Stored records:
○ ○ ○ ○ ○ ○ ○
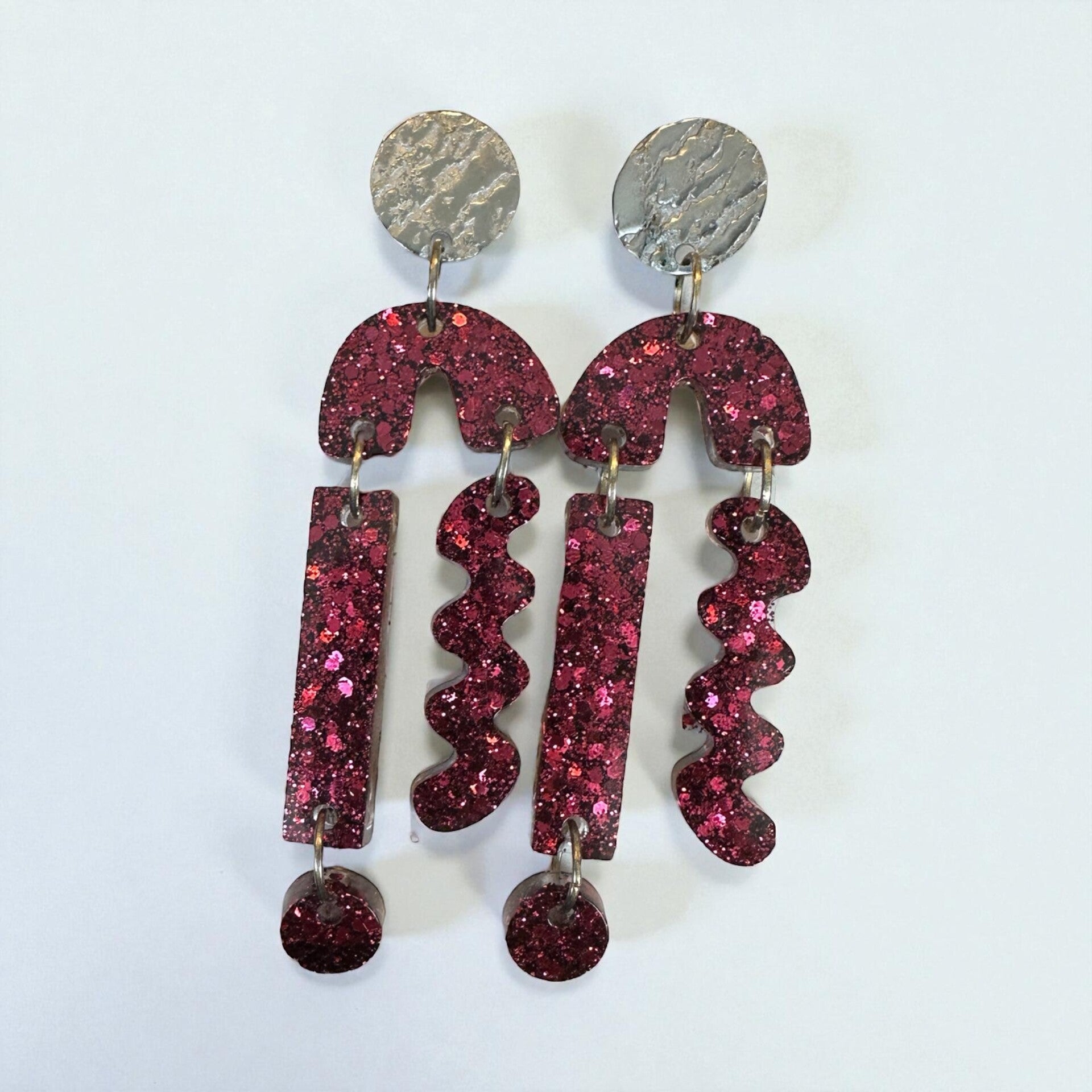 Boucles d'oreilles faites à la main, en résine époxy, avec des apparats en acier inoxydable.
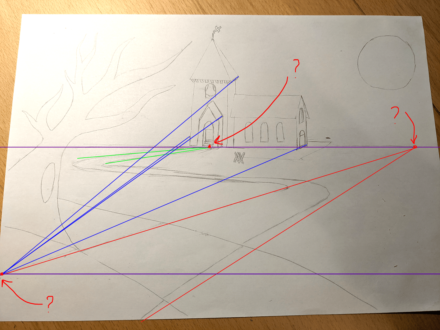 Par contre, j'ai toujours un soucis pour les perspective. Voici un brouillon : J'aimerais tracer un chemin qui va vers une église, et je trouve plusieurs points de fuite. Les lignes rouge représentent un premier chemin allant vers le point de fuite, j'ai le sentiment que second chemin le plus à gauche, en vert, est mal tracé...
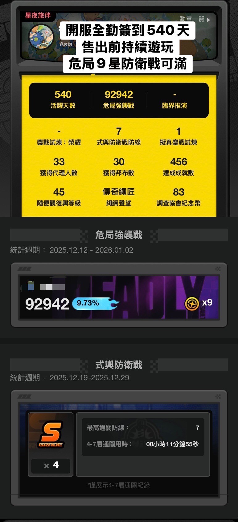 角色都有練度基本上每期危局跟防衛戰都能打滿,本期危局9星、防衛戰全S
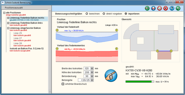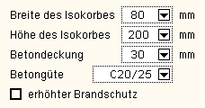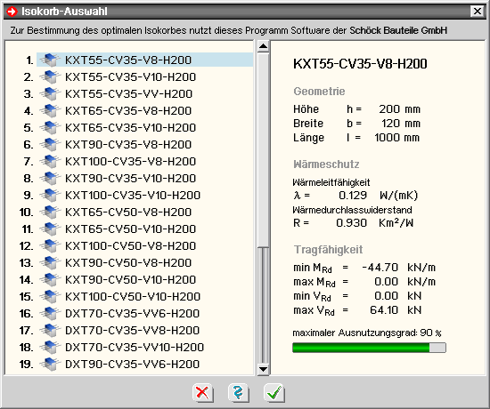 | Hierbei werden ausschließlich Isokörbe zur Auswahl angeboten, die den vorangehend beschriebenen Parametern und den Bemessungsschnittgrößen gerecht werden. |
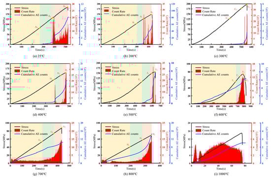 Figure 7d,e) revealed modified AE characteristics, particularly the nonlinear progression in the Stage II AE evolution, contrasting with the linear pattern observed in low-temperature counterparts. This behavioral shift arises from the activation and propagation of thermally induced microcracks under compressive loading. When subjected to 600–800 °C treatments (
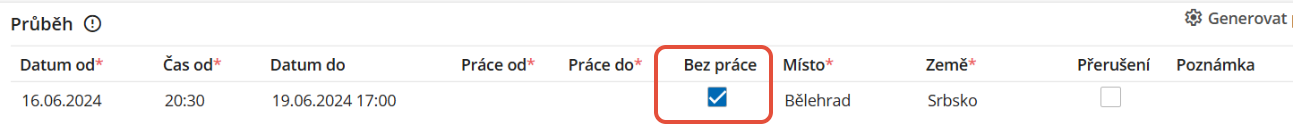 - Bez práce - Aby se doba pracovní cesty rovnala pracovní době zaměstnance, je nutné ve zprávě v části "Průběh" zaškrtnout pole "Bez práce".
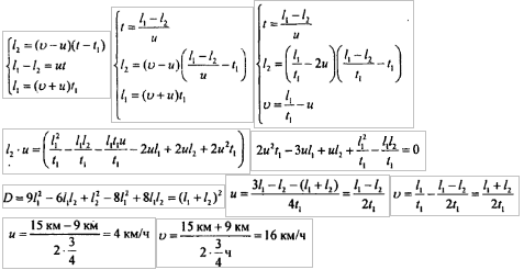Мимо пристани проходит плот. В этот момент от пристани в поселок, находящийся на расстоянии 15 км от нее, вниз по реке отправляется моторная лодка. Она дошла до поселка за время t = 3/4 ч и, повернув обратно, встретила плот на расстоянии 9 км от поселка. Каковы скорость течения реки u относительно берега и скорость лодки v относительно воды
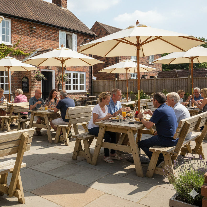 Maximize your outdoor space with the Victoria Space-Saving Picnic Table & Benches Set with Backrest. Designed for gardens, patios, pubs, and outdoor dining areas, this sturdy wooden picnic table features a smart space-saving design, allowing the benches to slide neatly under the table when not in use.
○ ○ ○ ○ ○ ○ ○
WHAT TO WORK ON:
Copy out all the entries precisely. No images.

RESULT OF THE TASK:
 Boucles d'oreilles faites à la main, en résine époxy, avec des apparats en acier inoxydable.
 Par contre, j'ai toujours un soucis pour les perspective. Voici un brouillon : J'aimerais tracer un chemin qui va vers une église, et je trouve plusieurs points de fuite. Les lignes rouge représentent un premier chemin allant vers le point de fuite, j'ai le sentiment que second chemin le plus à gauche, en vert, est mal tracé...
 角色都有練度基本上每期危局跟防衛戰都能打滿,本期危局9星、防衛戰全S
 | Hierbei werden ausschließlich Isokörbe zur Auswahl angeboten, die den vorangehend beschriebenen Parametern und den Bemessungsschnittgrößen gerecht werden. |
 Figure 7d,e) revealed modified AE characteristics, particularly the nonlinear progression in the Stage II AE evolution, contrasting with the linear pattern observed in low-temperature counterparts. This behavioral shift arises from the activation and propagation of thermally induced microcracks under compressive loading. When subjected to 600–800 °C treatments (
 - Bez práce - Aby se doba pracovní cesty rovnala pracovní době zaměstnance, je nutné ve zprávě v části "Průběh" zaškrtnout pole "Bez práce".
Мимо пристани проходит плот. В этот момент от пристани в поселок, находящийся на расстоянии 15 км от нее, вниз по реке отправляется моторная лодка. Она дошла до поселка за время t = 3/4 ч и, повернув обратно, встретила плот на расстоянии 9 км от поселка. Каковы скорость течения реки u относительно берега и скорость лодки v относительно воды
 Maximize your outdoor space with the Victoria Space-Saving Picnic Table & Benches Set with Backrest. Designed for gardens, patios, pubs, and outdoor dining areas, this sturdy wooden picnic table features a smart space-saving design, allowing the benches to slide neatly under the table when not in use.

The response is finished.